Transit, bikes and walking are also much better at getting us the sort of place we need – what we used to call “livability” but now call “sustainability”. Even if every car were zero emission, automobiles impose huge costs on society not the least of which is suburban sprawl. We are going to need every inch of available land for agriculture. Indeed spiralling food prices are one of the main drivers of the current unrest seen across the world – most effectively so far in Tunisia and Egypt. Peak oil is now something that even the Saudis (in secret) and Shell acknowledge – and building the infrastructure for cars that don’t use oil is going to require huge amounts of oil!

In this region we already had plans in place that would have been a good start towards sustainability. We were protecting agricultural land, building complete communities in a compact urban area and we were supposed to be increasing transportation choices. But then we elected the BC Liberals and they have been working hard to reverse all that – with visible impacts all over the region. The short period of the winter Olympics last year was merely the Potemkin village for  media consumption: immediately afterwards transit contracted again, and the road building continued.

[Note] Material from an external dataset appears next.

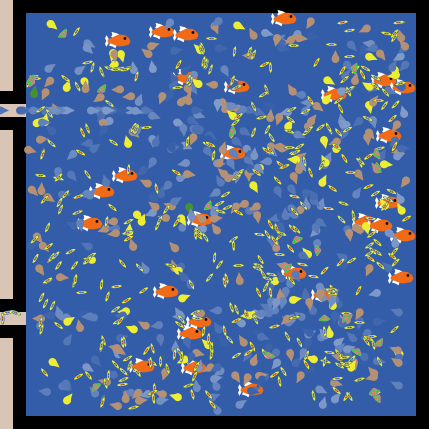 ;;; Asmaa aljuhani ;;; Agent Based Modeling ;; Aquaponics breed [fish a-fish] breed [water a-water] breed [Nitrosomonas a-Nitrosomonas] ; convert ammonia (brown) to Nitrites (yellow) breed [Nitrobacter a-Nitrobacter] ; conver Nitrites (yellow) to Nitrates (Green) water-own [ head-to ;; this variable is to arrange the flow of water ( to make crossing tunnels easy) clean ;; this variable holds arrange of int from 1-5 (1 is clean and 5 is toxic) nitrites? nitrates? ] fish-own [ tank ;; variable that hold how the amount of food a fish eat ;;if it reach the max-amount-0f-food-afish-can-eat fish will stop eat waste ;; amount of waste a-fish produce ] Nitrosomonas-own [ life-span] Nitrobacter-own [life-span] globals[ window-edge day day-change? t2b-entrance b2t-exit ] to setup ca ask patches [set pcolor brown + 3] draw-tank draw-walls draw-tunnels set t2b-entrance tank-to-bed-tunnel-entrance set b2t-exit bed-to-tank-tunnel-exit set day-change? false ;;;create fish create-fish number-of-fish [ set shape "fish" set color orange set size 2 set tank 0 set waste 0 arrange-within-tank ] ;;;create water create-water tank-size * 50 [ set shape "drop" set color scale-color (blue) ((random-float 2.0) + 5) 0 10 set size 1 set clean 1 set nitrites? false set nitrates? false arrange-within-tank ] reset-ticks end to go ask fish [ swim produce-ammonia ] ask water[ circulate grow-Nitrosomonas grow-Nitrobacter cross-tunnels recolor ;; to recolor water depends on how clean it is ] if any? Nitrosomonas [ ask Nitrosomonas [ swim convert-ammonia-to-Nitrites calculate-life-span ] ] if any? Nitrobacter [ ask Nitrobacter [ swim convert-Nitrites-to-Nitrates calculate-life-span ] ] ifelse ticks mod 100 = 0 [ set day day + 1 set day-change? true ] [ set day-change? false ] tick end ;;;;;;;;;;;;;;;;;;;;;;;;; setup functions ;;;;;;;;;;;;;;;;;;;;;;;;;;;;;;;;;;;;;;;;; to draw-tank ask patches [ set pcolor blue ;scale-color (blue) ((random-float 2.0) + 5) 0 10 ] end to draw-walls ask patches with [pxcor = max-pycor or pxcor = min-pycor + 1 or pycor = max-pxcor or pycor = min-pxcor] [ set pcolor black ] ask patches with [pxcor = min-pycor] [ set pcolor brown + 3 ] end to draw-tunnels ask patches with [(pycor = max-pycor / 2 + 1 or pycor = max-pycor / 2 - 1) or (pycor = (- max-pycor / 2 + 1) or pycor =(- max-pycor / 2 - 1))] [ if (pxcor <= min-pycor + 1 )[ set pcolor black ] ] ask patches with [pycor = max-pycor / 2 or pycor = (- max-pycor / 2)] [ if (pxcor <= min-pycor + 1 )[ set pcolor brown + 3 ] ] end ;; turtle procedure that randomizes position on the tanks to arrange-within-tank setxy random-xcor random-ycor if any? patches in-radius 2 with [pcolor = black or pcolor = brown + 3] [ arrange-within-tank ] ;; try again until we don't land on or near black end ;;; ;;; ;;; turtles procedures ;;; ;;; ;;; ;;;;;;;;;;;;;;;;;;;;;;;;;;;;;;;;;;;;;FISH PROCEDURS;;;;;;;;;;;;;;;;;;;;;;;;;;;;;;;;;;;;;;;;; ;;;turtle procedure that let fish to swim within the tank to swim fd 1 rt 3 if any? patches in-radius 2 with [pcolor = black] [ rt 180 ] end to produce-ammonia let drops one-of water in-radius (size / 2) if drops != nobody and random 10 = 5 [ set waste waste - 1 ask drops [ if clean < 5 [ set clean (clean + 1) ] ] ] end to empty-fish-tank ask fish [ set tank 0 ] end to grow-produce if day-change? [ set size size + .01 ] end ;;;;;;;;;;;;;;;;;;;;;;;;;;;;;;;;;;;;;WATER PROCEDURS;;;;;;;;;;;;;;;;;;;;;;;;;;;;;;;;;;;;;;;;; to circulate if ( head-to = 0) [ flow ] ;; for water in the lower part of the tank --> move towards the tunnel if (random 10 = 1 and floor ycor = [pycor] of t2b-entrance); max-pycor / -3 and xcor > max-pxcor / 3) [ face t2b-entrance set head-to t2b-entrance ; set color red ] if (head-to = b2t-exit and ycor > 0 and xcor > min-pxcor / 2) [ set head-to 0 ] ;; for water in the upper part of the grow-bed --> move towards the tunnle if (random 10 = 1 and floor ycor = [pycor] of b2t-exit and xcor < 0) [ face b2t-exit set head-to b2t-exit ; set color yellow ] end to flow fd 1 rt random 10 if any? patches in-radius 2 with [pcolor = black][ rt 180 ] end to cross-tunnels if (head-to = t2b-entrance or head-to = b2t-exit ) [ fd 1 if ( xcor < min-pxcor + .5) [ set ycor [pycor] of b2t-exit ; set color green set heading 90 set head-to b2t-exit ;; return clean water set clean 1 set nitrites? false set nitrates? false ] ] end to recolor ifelse clean > 1 and (not nitrites?) and (not nitrates?) [ set color scale-color (brown) (( 2.0) + 5) clean 10 ] [ ifelse nitrites? [ set color yellow ] [ ifelse nitrates? [ set color green - 1 ] [ set color scale-color (blue) ((random-float 2.0) + 5) 0 10 ] ] ] end ;;;;;;;;;;;;;;;;;;;;;;;;;;;;;;;;;;;;;BACTERIA PROCEDURS;;;;;;;;;;;;;;;;;;;;;;;;;;;;;;;;;;;;;;;;; to grow-Nitrosomonas if all? water in-radius 2 [clean > 1] [ hatch-Nitrosomonas 1[ set shape "bacteria" set color blue set size 1 set life-span bacteria-life-span * 100 ] ] end to grow-Nitrobacter if all? water in-radius 2 [nitrites?] [ hatch-Nitrobacter 1[ set shape "bacteria2" set color pink set size 1 set life-span bacteria-life-span * 100 ] ] end to convert-ammonia-to-Nitrites let drops water with [clean > 2] in-radius 1 if drops != nobody [ ask drops [ set nitrites? true ] ] end to convert-Nitrites-to-Nitrates let drops water with [nitrites?] in-radius 1 if drops != nobody [ ask drops [ set nitrites? false set nitrates? true ] ] end to calculate-life-span ifelse life-span > 1 [ set life-span life-span - 1 ] [ die ] end ;;;;;;;;;;;;;;;;;;;;;;;;;;;;;;;;;;;;;;;;;;;;;;;;;;;;;;;;;;;;;;;;;;;;;;;;;;;;;;;;;;;;;;;;;;;;;;;; ;;; ;;; ;;; helper reporters ;;; ;;; ;;; to-report tank-to-bed-tunnel-entrance report patch ((min-pxcor ) ) (max-pycor / -2) end to-report bed-to-tank-tunnel-exit report patch ((max-pxcor)) (max-pycor / 2) end

My remarks were aimed at what we could have done. I talked about what Copenhagen has been doing for the last forty years – reducing the amount  of space dedicated to moving and parking cars in the urban area. About how improving facilities for movement without cars (more transit, more bike lanes, more pedestrian areas and sidewalks) has to happen before you try to get people to use them more. So that is where the bit about distance based insurance and parking charges come in – those are the easy first steps. Road pricing will take longer and cost more to set up, and could be offset by reducing other imposts  to make it more palatable to introduce. But like the carbon tax needs to bite to have any effect on behaviour. And it has to be part of a concerted policy. Not the current one – which is to make BC more attractive to corporations. But to serve the people of BC better – and to ensure that our children and grand children have a future.

That may seem a long way from not enough tolls to pay for a bridge, but it is all connected, and not in a way you can talk about in a matter of a few seconds. Which is why you read blogs and do not rely on tv news alone.